A popular misconception in the West is that Arabs and Jews have been daggers drawn for centuries. The Palestinian problem is seen as only the latest manifestation of an age-old antipathy. But the Arabs have lived in peace with the Jews for generations, as Semitic peoples of the same ‘father Abraham’. The persecution has come from Christian Europe.
As far back as the Crusades, the Abbe of Cluny observed: ‘What is the good of going to the end of the world, at great loss in men and money, to fight the Saracens, when we tolerate among us other infidels a thousand times more guilty towards Christ than the Mohammedans?’The other infidels he meant were, of course, the Jews.
Noam Chomsky, himself a Jew, has written a stinging introduction to Rosemary Sayigh’s book, saying: ‘It is difficult not to be appalled when Western politicians and intellectuals explain their backing for Israel’s policies in terms of ‘moral obligation’, as if the sins of the Nazis and their predecessors, or of the Americans who closed the doors to refugees from Hitler’s horrors, require the sacrifice of the Palestinians … Somehow the Palestinian peasants were never able to appreciate their moral responsibility to expiate the sins of the Christian Europe.’
What Palestinians: From Peasants to Revolutionaries does is to show how the Zionist movement succeeded in transferring Jewish statelessness onto the Arabs of Palestine without the absurdity of the situation outraging the world. It points out some of the semantic tricks by which politicians made the Palestinians mysteriously and conveniently ‘disappear’ - for example, Nordau’s slogan, ‘A land without a people, for a people without a land’, or the British recognition of the indigenous Palestinians only as ‘the non-Jewish communities’.
Rosemary Sayigh also recreates through detailed example and interview the complex community life of the peasants, rich in human contact although materially poor; for instance, through an ancient form of collective tenure land held by village families was reapportioned at regular intervals, so that all qualities of land were equally re-distributed. Rights to grazing, wood and water were also communally organised. So, though all were poor, no-one was destitute.
Sayigh argues that the self-sufficiency of each village, with its cluster of long-established families, meant that there was no habit of large-scale interdependent organisation, no political consciousness. They were easy targets for what she sees as the ‘organised violence’ of the Zionists, backed by Western military strength. Their rootedness in their land (they touch it, smell it, know it piece by piece, stone by stone) added to their incredulity at the idea that the Zionists intended not to share but to take over their land. Even when they fled in terror across the borders, it was never meant to be forever. ‘We locked our door and kept the key, expecting to return.’ It is this determination to regroup their dispersed families and return to their land that has kept them fuelled, ‘a fire under ashes’, all these years.

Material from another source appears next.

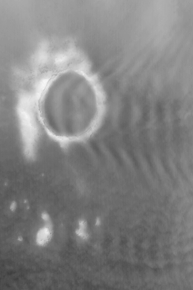 67 km (~42 mi) in diameter. Wavy clouds form to
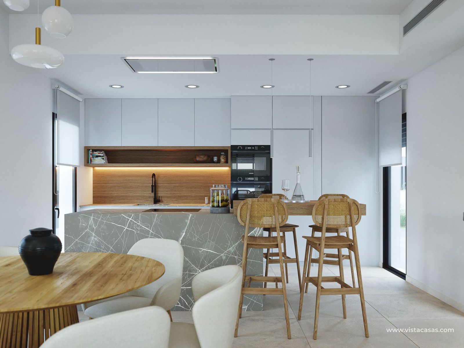 Using top quality materials the constructors also include pre-installation for air conditioning, white goods, underfloor heating in the bathrooms, LED Lighting, laundry facilities, private pool and garden, and private parking.

In contrast she presents the diary of Joseph Waits, an officer in charge of Zionist colonization: ‘Between ourselves it must be clear that there is no room for both peoples together in this country … There is no other way than to transfer the Arabs from here … not one village, not one tribe, should be left.’
The new Zionists’ own origins were Western; they were ‘white settlers’ forming an outpost of Western Civilisation among the ‘backward’ Arabs. Less and less were they Jews forming a religious state - their initial justification for claiming territory They were Israelis forming a nation state.
Sayigh does not conceal her anger at what she sees as imperialist arrogance. Nor does she apologise for the sympathy she feels for the Palestinian peasant, betrayed, she feels, by other Arab regimes and even by his own intelligentsia. Indeed, subjectivity is partly the point, for the book is directed at readers who know the Palestinian problem as an issue, but not as a concrete situation that three million people live daily. She assumes a knowledge of the political history of the period and liberally peppers her text with Arabic terminology. Looking up the copious notes and glossaries can be distracting and the general points she makes are sometimes blurred by detail.
But it is intended to be a people’s history and it does give a taste of what it must be like to flee across the desert land in high summer, to be despised camp refugees, to become politicised the hard way, eventually seeing armed struggle as the only way left to regain self-respect and hope of return. One brief, chilling quotation is all there is space for: ‘About 14,000 destitutes are ranged on terrace upon terrace under the olive trees - a tree to a family - and are forced to consume the bark and bum the living wood that has meant a livelihood for generations.’